In silico exploration of 4(α-l-rhamnosyloxy)-benzyl isothiocyanate: A promising phytochemical-based drug discovery approach for combating multi-drug resistant Staphylococcus aureus

Abstract

Multidrug-resistant (MDR) Staphylococcus aureus infections significantly threaten global health. With rising resistance to current antibiotics and limited solutions, the urgent discovery of new, effective, and affordable antibacterials with low toxicity is imperative to combat diverse MDR S. aureus strains.
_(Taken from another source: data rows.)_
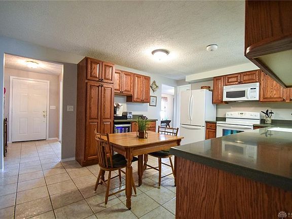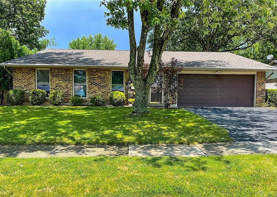 Fabulous full brick Cascade Ranch in Huber Heights with split floor plan! 3 bedrooms and 2 full baths. So very well maintained with lovely curb appeal. Entry has ceramic flooring that leads to the eat-in kitchen. Formal living & dining rooms; step down living room. Updated kitchen offering dark Oak cabinets, smooth top range, refrigerator, wine refrigerator, dishwasher, microwave & disposal; Corian kitchen counter tops, 2 pantries, self-closure drawers and breakfast counter opening to the spacious family room. Separate laundry room offers washer and dryer. Master suite has walk in closet with shelving; French doors that lead to your private bath with newer vanity that has 1 piece Corian sink and top, ceramic flooring and separate room for commode and large shower. Opposite side of the home offers 2 bedrooms and hall bath with updated vanity with granite top, tiled wall tub & shower. Linen closet in hallway. Great room leads to covered paver patio, beautifully landscaped backyard with flower and vegetable gardens and rebuilt shed (leaving 2 year old lawnmower and lawn equipment). Other features: water heater 2021, dimensional shingled roof 2014, radon mitigated, paddle fan, plenty of faux blinds, nice 2 car attached garage has opener, pull down attic access to some floored attic area. Service door from exterior to garage. Wont last long!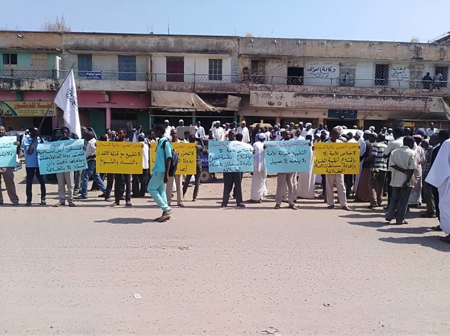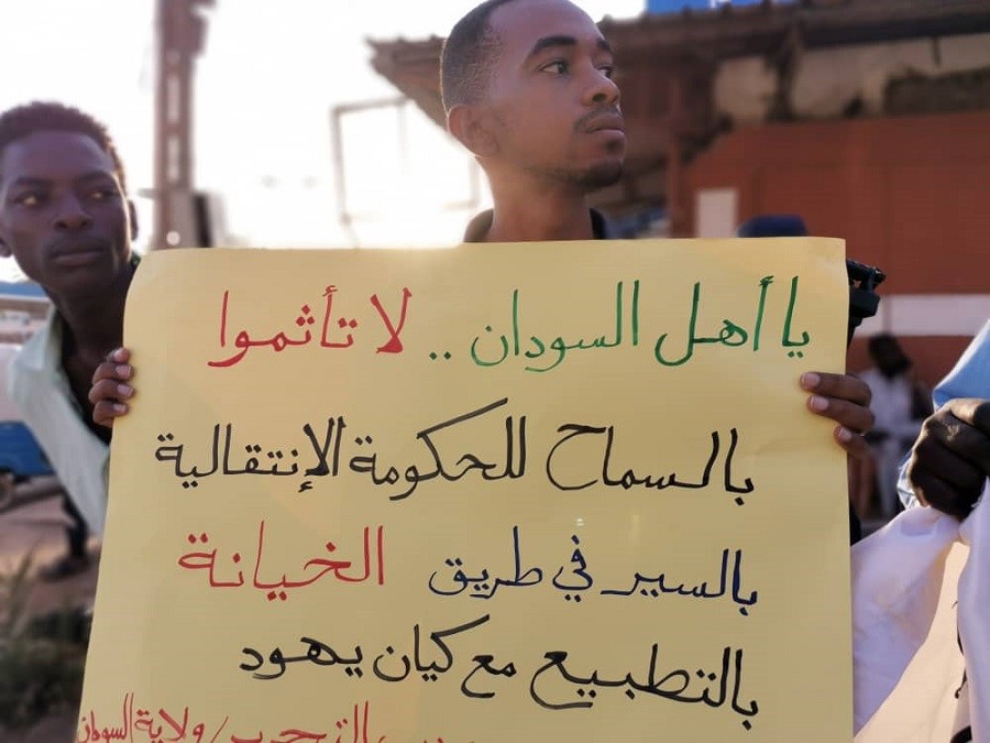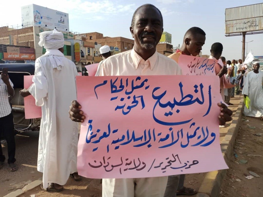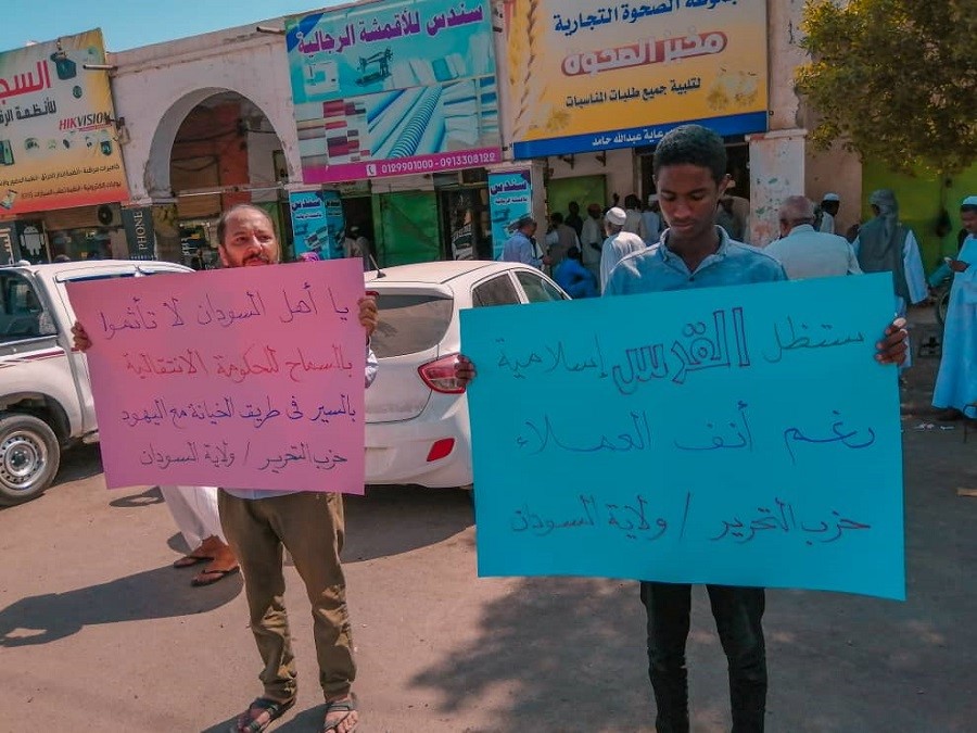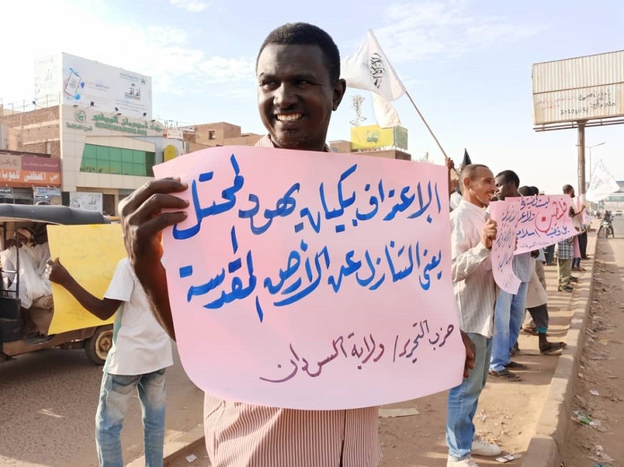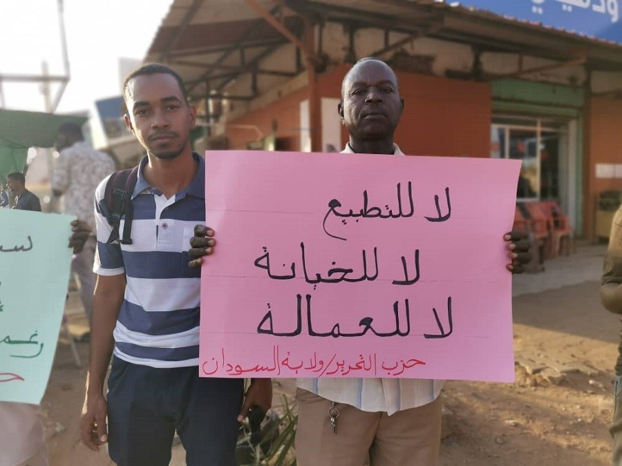 26 Ekim 2020 Pazartesi günü, Hizb-ut Tahrir Hartum gençleri, Bahri semti Pazar yerinde, Yahudi varlığı ile normalleşme cürmünü işleyen geçiş hükümetini kınamak için protesto düzenledi.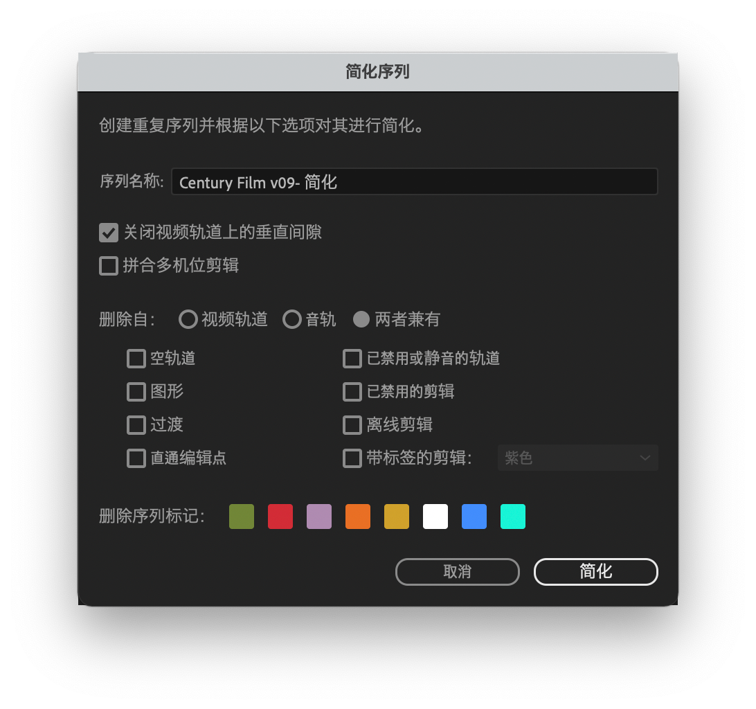 - Premiere Pro 会创建序列的副本,在简化序列对话框中,您可以选择序列副本中的不需要的元素。这些元素可以是空轨道、过渡、图形等。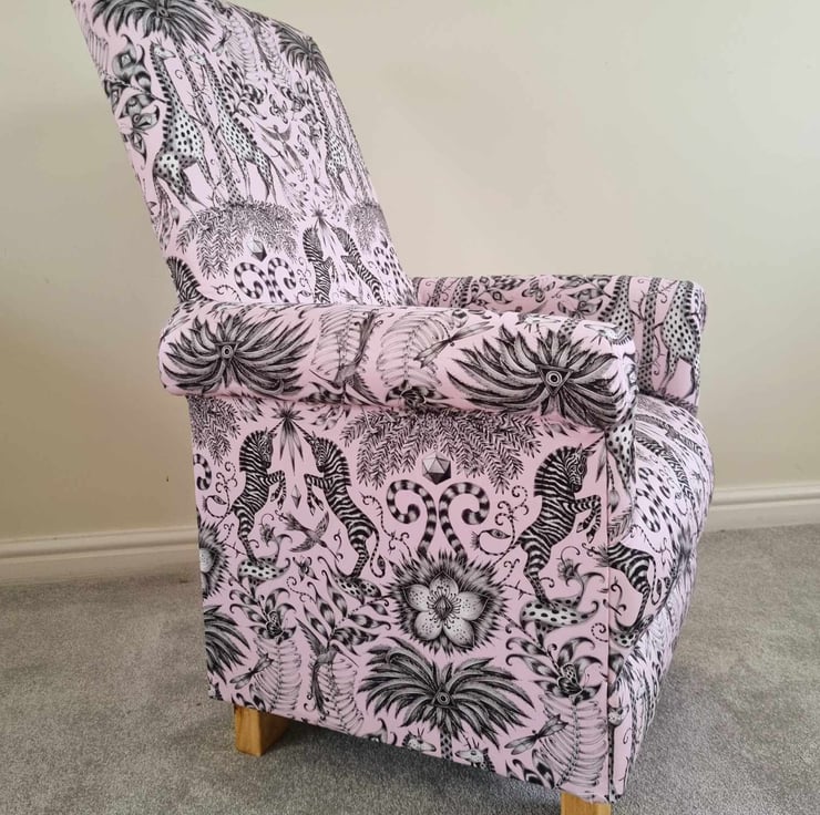 I am offering for sale this gorgeous ADULT'S chair, which has been made myself. I am a professional upholsterer with over 33 year’s experience, and have made this sturdy little chair using Emma Shipley Kruger Pink sateen fabric..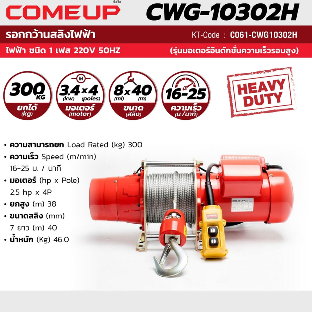 • Come-Up Dlectric Winch” คัมอัพ” รอกกว้านสลิงไฟฟ้า รอกกว้านสลิงไฟฟ้า รุ่นความเร็วสูง ชนิดไฟฟ้า 1 เฟส 220 V,50Hz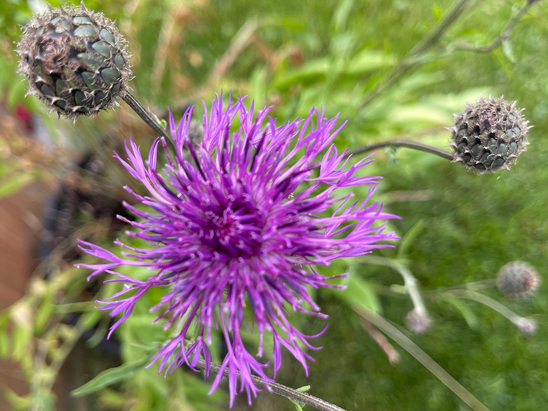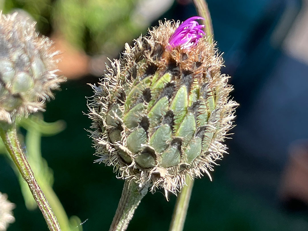 Growth Habit: A perennial herb that forms loose clumps of tall, flowering stems. It spreads by seed and can form large patches. In situ, greater knapweed often appears as tall, purple-flowered plants scattered throughout meadows or open fields.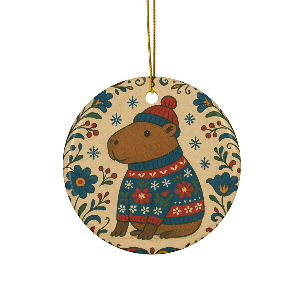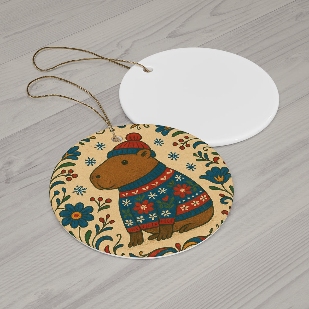 Capybara Nordic Scandinavian Style Christmas Decoration, Minimalist Swedish Ornament, Holiday Capybara Decor, Cute Animal, Ceramic Ornament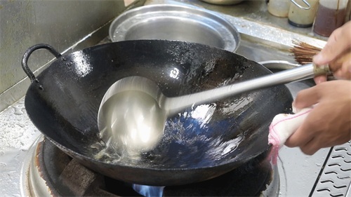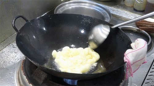 3.等油温至5成热时,倒入鸡蛋液,用勺子连续翻炒几下。

Hence, in this study, we introduce an in silico phytochemical-based approach for discovering novel antibacterial agents, underscoring the potential of computational approaches in therapeutic discovery. Glucomoringin Isothiocyanate (GMG-ITC) from Moringa oleifera Lam. is one of the phytochemical compounds with several biological activities, including antimicrobial, anti-inflammatory, and antioxidant activities, and is also effective against S. aureus. This study focuses on screening GMG-ITC as a potential drug candidate to combat MDR S. aureus infections through a molecular docking approach. Moreover, interaction amino acid analysis, in silico pharmacokinetics, compound target prediction, pathway enrichment analysis and molecular dynamics (MD) simulations were conducted for further investigation. Molecular docking and interaction analysis showed strong binding affinity towards S. aureus lipase, dihydrofolate reductase, and other MDR S. aureus proteins, including penicillin-binding protein 2a, MepR, D-Ala:D-Ala ligase, and RPP TetM, through hydrophilic and hydrophobic interactions. GMG-ITC also showed a strong binding affinity to cyclooxygenase-2 and FAD-dependent NAD(P)H oxidase, suggesting that it is a potential anti-inflammatory and antioxidant candidate that may eliminate inflammation and oxidative stress associated with S. aureus infections. MD simulations validated the stability of the GMG-ITC molecular interactions determined by molecular docking. In silico pharmacokinetic analysis highlights its potency as a drug candidate, showing strong absorption, distribution, and excretion properties in combination with low toxicity. It acts as an active protease and enzyme inhibitor with moderate activity against GPCR ligands, ion channels, nuclear receptor ligands, and kinases. Enrichment analysis further elucidated its involvement in important biological, molecular, and cellular functions with potential therapeutic applications in diseases like cancer, hepatitis B, and influenza. Results suggest that GMG-ITC is an effective antibacterial agent that could treat MDR S. aureus-associated infections.